Çağdaş Türkiye
İktidarın icraatı ve gidişatı karşısında işittiğimiz rutin şikâyet ve uyarılardan biri, çağdaşlık kaybıyla ilgili. Özellikle ana muhalefetin dilinde hep bu var. İktidarı “çağdaşlığın dışına çıkmak”la, “Türkiye’yi çağdaş dünyanın dışına itmek”le suçluyor, “çağdaş dünyanın dışına savrulmamız”dan endişe ediyorlar.
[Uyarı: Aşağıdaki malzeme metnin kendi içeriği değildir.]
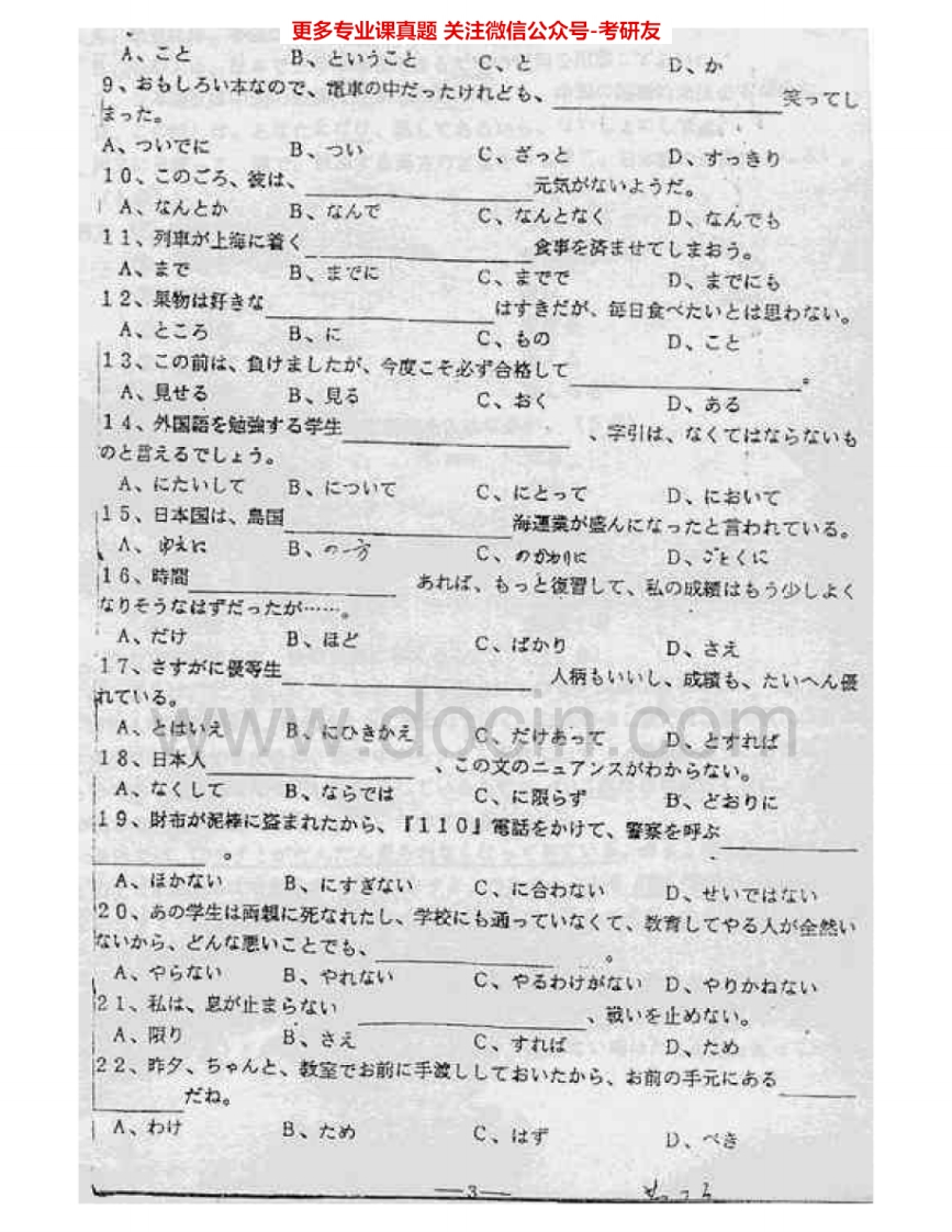 东南大学246日语(外)1999-2004考研真题汇编.Image.Marked猴哥6个月前发布关注私信21.70MB39页06318东南大学246日语(外)1999-2004考研真题汇编.Image.Marked此内容为免费资源,请登录后查看¥0 登录查看免费资源 第1页 / 共39页 第2页 / 共39页 第3页 / 共39页 该文档为免费文档,您可直接下载完整版进行阅读 © 版权声明文章版权归作者所有,未经允许请勿转载。THE END考研专业课 喜欢就支持一下吧点赞18赞赏 分享QQ空间微博QQ好友海报分享复制链接收藏

Kemal Kılıçdaroğlu’yla özdeşleşen “Böyle bir şey olabilir mi?” sözde hayreti (veya hayret taklidi) de zımnen bu tepkinin ifadesi değil mi? Dünyanın hiçbir yerinde görülmeyecek, hiçbir medenî ülkede karşılaşmayacağımız acayipliklerle, rezilliklerle baş başa olduğumuz, yani işte çağdaşlığın dışına düştüğümüz hissi, fikri…
Çağdaşlığın dışına mı düştük?
Çağdaşlıktan kasıt, modernlik mi? Modernliğin yerinde durmadığını, sürekli yeniden modernleştiğini düşünürsek, memleketimiz reel-güncel modernliğin dışında değildir. Teknik donanım bakımından, global ekonomik eklemlenme bakımından, yönetim usulleri, devlet zanaatı bakımından, dünyadaki güncel işletim sisteminin dışında değildir.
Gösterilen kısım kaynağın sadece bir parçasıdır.